My notes and takeaways from a long read on anomalies and system complexity called the STELLAReport from the SNAFUcatchers Workshop on Coping With Complexity, 2017. Via Matt.
This paper is one of the best I’ve read in a while. Many lessons here match my experiences developing—and breaking—software for WordPress. I gained new insight into adaptive mental models, how best to coordinate teams during an outage, and how much I both love, and depend on, debugging and troubleshooting.
Building and keeping current a useful representation takes effort. As the world changes representations may become stale. In a fast changing world, the effort needed to keep up to date can be daunting.
Several years ago I told a colleague in passing that my professional goal as a software developer was to build a mental model of everything in our codebase. To know where each piece lives and how it works. They just laughed and wished me luck. I was serious.
Though my approach may have seemed naïve, or maybe unnecessary in my job, I saw it as essential for survival in a bug-hunting role. A step toward mastery and adding more value to the company. What I didn’t know at the time was that we were past the point where one person could keep the entire codebase organized in their head.

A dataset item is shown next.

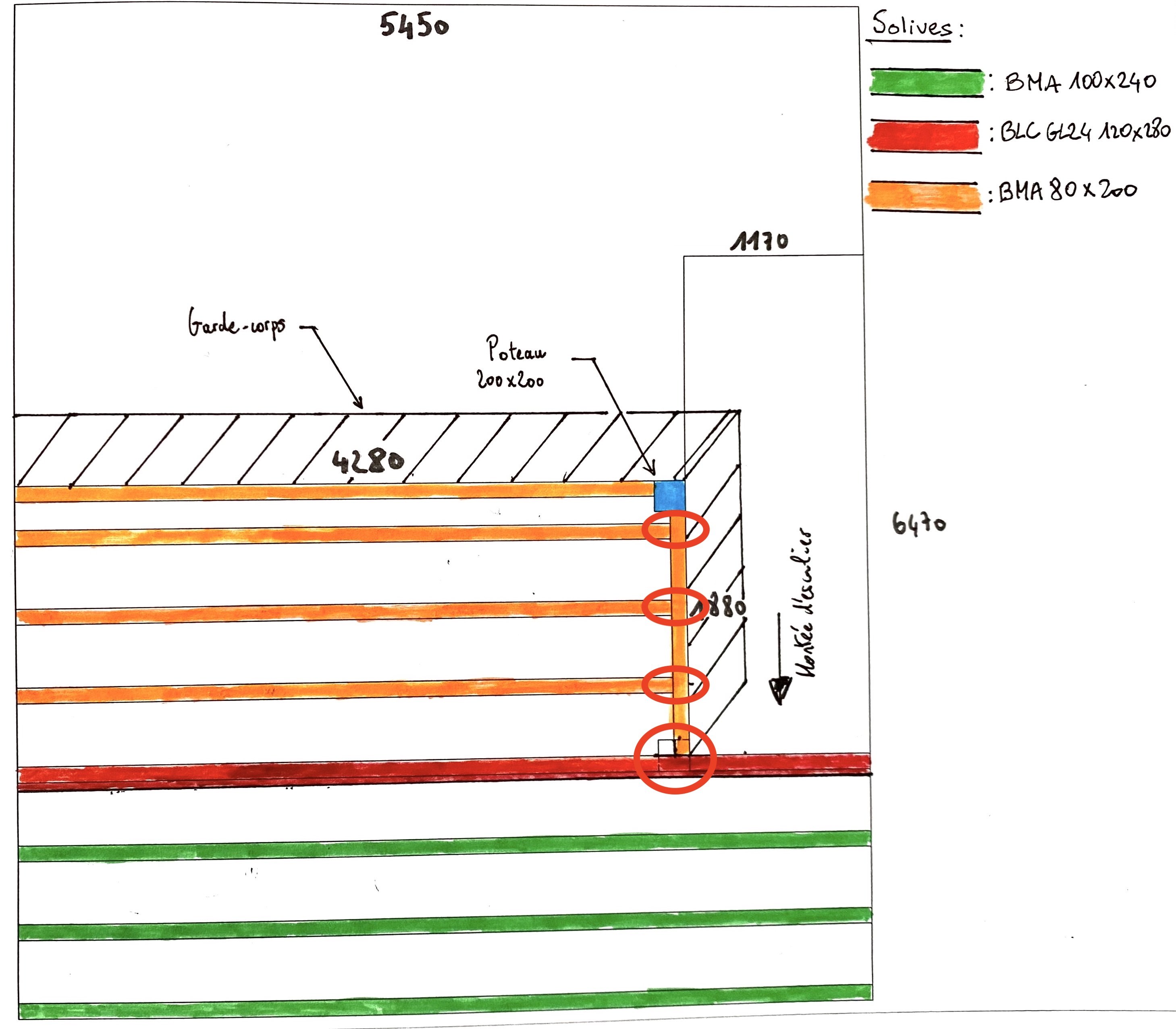 Ce poteau prenant appui sur l'extrémité d'une poutre du niveau inférieur en chêne sec de 250x250, elle-même reposant sur un pilier en béton de 400x400. Le piler en béton repose quant à lui sur le sol du RDC et sera parfait aligné avec le poteau du haut?

What this paper indicates is that my coworker was right to laugh—it’s not useful to hold my own mental model of the entire system. I should however strive to learn from every opportunity to update the working knowledge I do have at any given time.
Note: “Resilient performance” sounds like a fancy word for “uptime.”
Much of my team’s work at Automattic is in the area of software quality: error prevention by blocking deploys when automated tests fail, building developer confidence by creating smarter, faster testing infrastructure. So much more we could do there in the future.
Many big tech companies have a specific role around this called Site Reliability Engineer (SRE). Combined with Release Engineering teams they build safeguards such as deploying to a small percent of production servers for each merge, or starting with a small amount of read-only HTTP requests. When no errors occur, the deploy continues.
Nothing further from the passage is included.